Summer employment edge
Getting ahead in the competitive summer job market ultimately means being well prepared. School- and career-planning service myBlueprint.ca has a new feature called Experiences and Resume Builder that makes it easy to document accomplishments and prepare resumes. Available for free to students at public and Catholic schools wherever myBlueprint.ca is offered—the service is subscribed to by 1,500 middle and high schools within 40 school boards across the country—the tool lets users record experiences, achievements and skills that may one day help them find work, such as class projects, school clubs, hobbies, volunteer gigs and part-time or casual jobs.
“There’s no need to try to figure it all out at the last minute—that’s when things get missed,” says Gil Silberstein, president of myBlueprint.ca. “With this tool, you can record every skill-developing experience or responsibility you have as you progress through middle and high school, and when you’re ready to look for work, you can just click a button to generate a resume.”

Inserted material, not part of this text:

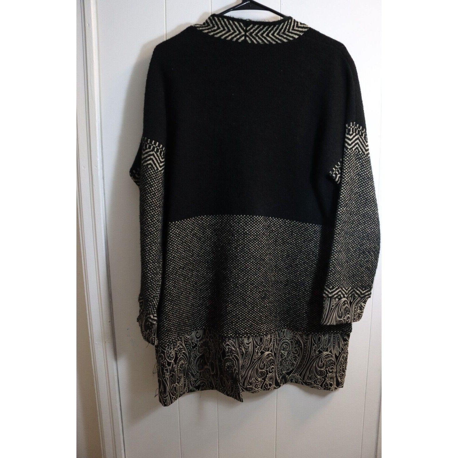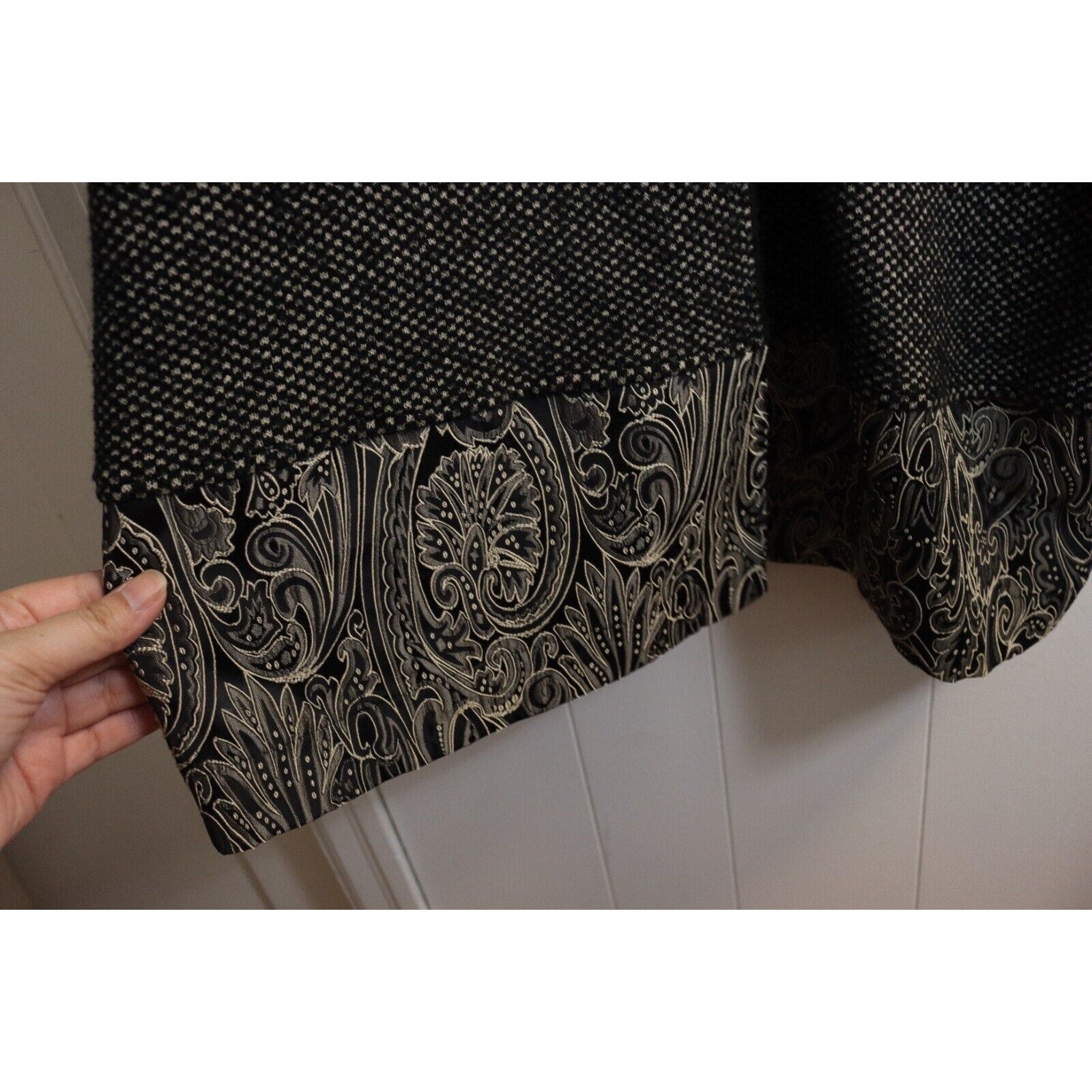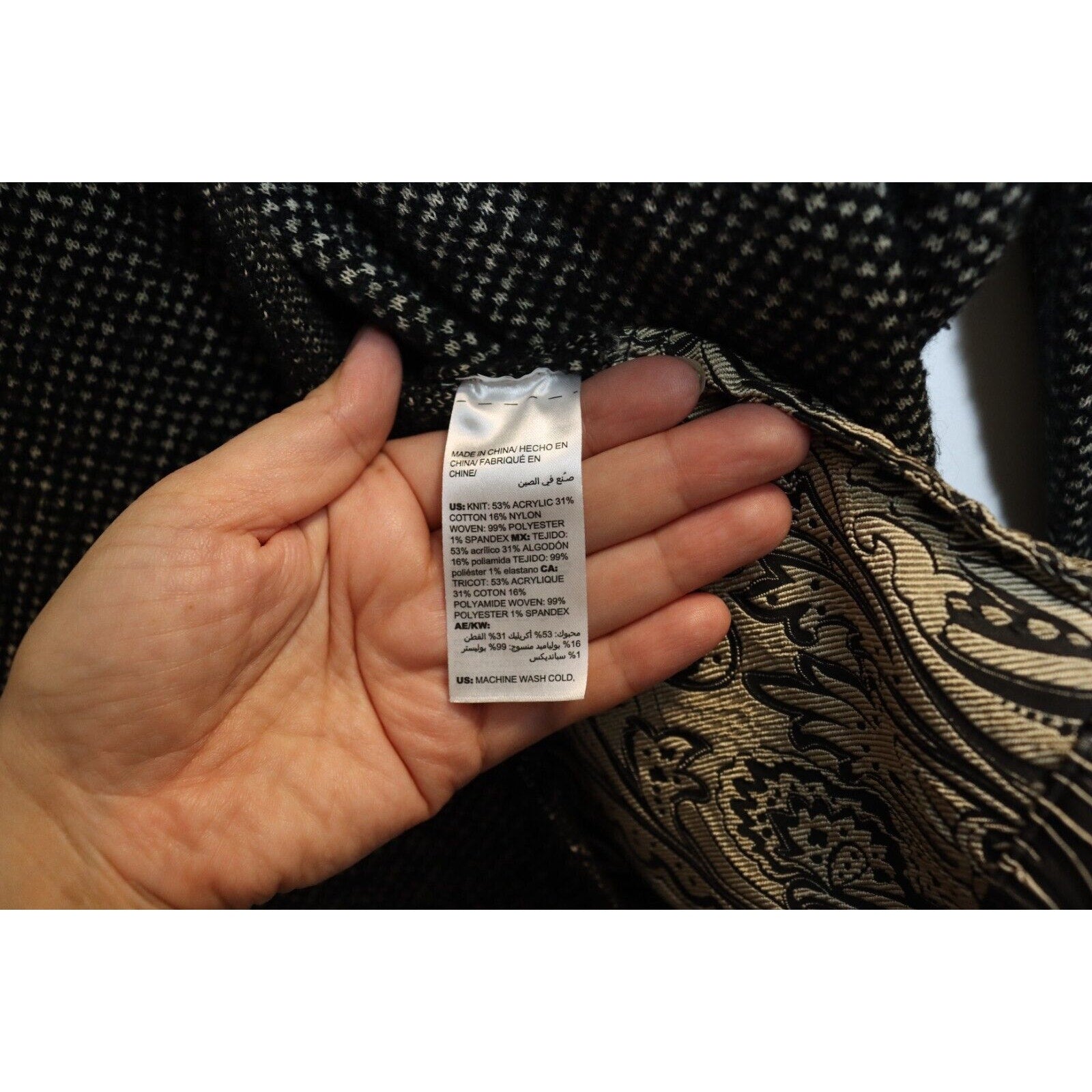 This beautiful black and grey Chico's cardigan is a must-have for any fashion-forward woman's wardrobe. Made from a comfortable and durable blend of polyester, nylon, spandex, cotton, and acrylic, this sweater is perfect for the fall and winter seasons. The long sleeve design and knit fabric type make it both cozy and stylish, while the cardigan style adds an extra touch of sophistication. Whether dressing it up for a night out or dressing it down for a casual day out, this cardigan is versatile and perfect for any occasion. It is a size 2/L and would be a great addition to any wardrobe. Don't miss out on the opportunity to own this stylish and comfortable sweater.

The user-friendly software lets students organize experiences into different categories to create an effective and professional-looking resume. Students applying for different types of jobs can create multiple customized resumes that include the most relevant experiences. At each step, tips are offered on how to optimize different sections of a resume. Users can also get help with creating a functional cover letter.
When completed, students can e-mail their resume to potential employers directly from the site, or download and save it as a PDF or Microsoft Word document to use later. “This is a very useful tool for students—they just need to collect the required information for the various fields,” Dubeau says. “This is especially helpful for students who have never created a resume before. It helps them to prepare professional documents.”

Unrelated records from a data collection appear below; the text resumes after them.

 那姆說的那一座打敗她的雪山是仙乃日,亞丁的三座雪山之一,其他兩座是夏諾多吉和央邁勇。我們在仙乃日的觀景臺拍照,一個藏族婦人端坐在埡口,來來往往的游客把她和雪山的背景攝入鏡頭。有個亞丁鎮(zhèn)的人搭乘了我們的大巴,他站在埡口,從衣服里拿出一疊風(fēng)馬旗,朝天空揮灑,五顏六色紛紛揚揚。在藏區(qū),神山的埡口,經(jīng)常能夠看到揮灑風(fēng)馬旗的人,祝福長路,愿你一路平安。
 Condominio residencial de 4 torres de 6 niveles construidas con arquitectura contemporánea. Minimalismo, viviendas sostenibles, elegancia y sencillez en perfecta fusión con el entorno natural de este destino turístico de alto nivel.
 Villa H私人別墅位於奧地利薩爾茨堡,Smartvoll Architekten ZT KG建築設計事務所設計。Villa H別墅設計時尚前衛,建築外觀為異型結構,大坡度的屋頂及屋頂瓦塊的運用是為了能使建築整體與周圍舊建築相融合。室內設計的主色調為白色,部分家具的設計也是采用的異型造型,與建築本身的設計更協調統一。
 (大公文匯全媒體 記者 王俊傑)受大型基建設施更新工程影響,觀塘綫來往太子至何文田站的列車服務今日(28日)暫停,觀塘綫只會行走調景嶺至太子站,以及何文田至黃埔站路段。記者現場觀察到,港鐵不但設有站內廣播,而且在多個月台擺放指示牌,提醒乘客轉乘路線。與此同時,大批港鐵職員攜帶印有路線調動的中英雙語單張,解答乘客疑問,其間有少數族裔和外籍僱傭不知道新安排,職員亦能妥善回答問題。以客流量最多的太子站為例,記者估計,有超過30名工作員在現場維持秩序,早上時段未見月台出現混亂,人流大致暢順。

Maximize your summer job search
Kathy Dubeau, a guidance and co-operative education teacher at Stephen Lewis Secondary School in Mississauga, Ont., offers the following tips to high school students trying to find summer work:
1. Have a current resume ready at all times—make it well organized and professional looking with myBlueprint.ca (available at subscribing schools).
2. Know how to write an effective cover letter.
3. Use the “hidden job market”—personal networks and contacts—as many jobs aren’t publicly advertised.
4. Brush up on potential interview questions.
5. Have a suitable and well-fitting outfit ready for interviews.